Author: Tzannou, Ifigeneia; Nicholas, Sarah K; Lulla, Premal; Aguayo-Hiraldo, Paibel I; Misra, Anisha; Martinez, Caridad A; Machado, Annette A; Orange, Jordan S; Piedra, Pedro A; Vera, Juan F; Leen, Ann M
                    Title: Immunologic Profiling of Human Metapneumovirus for the Development of Targeted Immunotherapy  Cord-id: s8t2udxj  Document date: 2017_7_25
                    ID: s8t2udxj
                    
                    Snippet: Human metapneumovirus (hMPV) is a respiratory virus detected in ≥9% of allogeneic hematopoietic stem cell transplant (HSCT) recipients, in whom it can cause significant morbidity and mortality.
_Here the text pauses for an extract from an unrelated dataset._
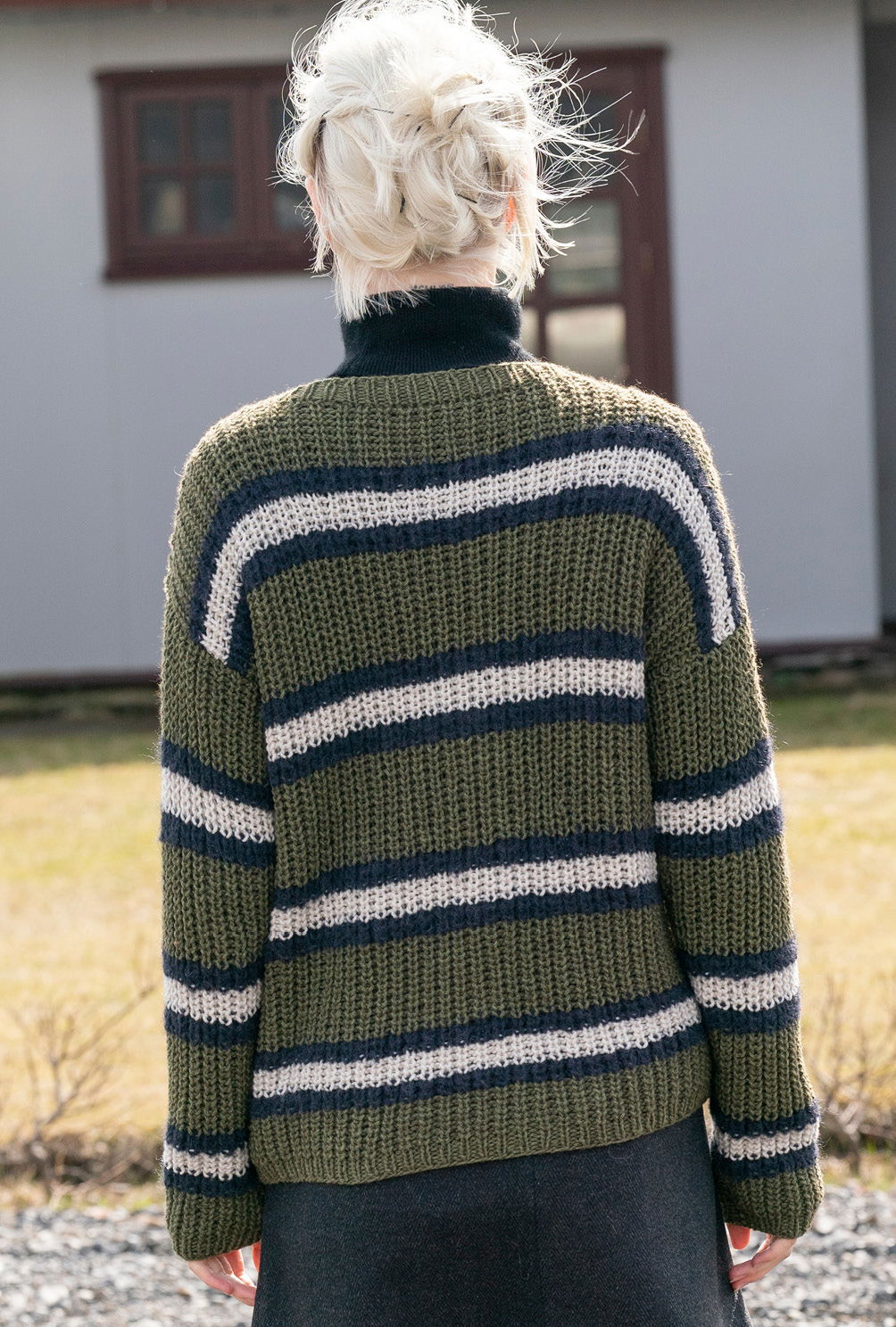Die Vorzüge einer Strickjacke liegen auf der Hand: Sie ist zeitlos, leicht zu kombinieren und rundet Ihre Herbstgarderobe perfekt ab. Dieses Modell wird allover im Halbpatentmuster gestrickt und zwar so, dass die etwas unruhigere Seite außen liegt. Hinzu kommt ein Streifendesign, bei dem sich Oliv, Natur und Schwarz regelmäßig abwechseln und somit für die spannende Optik sorgt. Schmale Rippenblenden und eine Knopfleiste vervollständigen den Look.

Given the lack of effective antivirals, we investigated the potential for immunotherapeutic intervention, using adoptively transferred T cells. Thus, we characterized the cellular immune response to the virus and identified F, N, M2-1, M, and P as immunodominant target antigens. Reactive T cells were po
                    
                    
                    
                     
                    
                    
                    
                    
                        
                            
                                Document: Human metapneumovirus (hMPV) is a respiratory virus detected in ≥9% of allogeneic hematopoietic stem cell transplant (HSCT) recipients, in whom it can cause significant morbidity and mortality. Given the lack of effective antivirals, we investigated the potential for immunotherapeutic intervention, using adoptively transferred T cells. Thus, we characterized the cellular immune response to the virus and identified F, N, M2-1, M, and P as immunodominant target antigens. Reactive T cells were polyclonal (ie, they expressed CD4 and CD8), T-helper type 1 polarized, and polyfunctional (ie, they produced interferon γ, tumor necrosis factor α, granulocyte-macrophage colony-stimulating factor, and granzyme B), and they were able to kill autologous antigen-loaded targets. The detection of hMPV-specific T cells in HSCT recipients who endogenously controlled active infections support the clinical importance of T-cell immunity in mediating protective antiviral effects. Our results demonstrate the feasibility of developing an immunotherapy for immunocompromised patients with uncontrolled infections.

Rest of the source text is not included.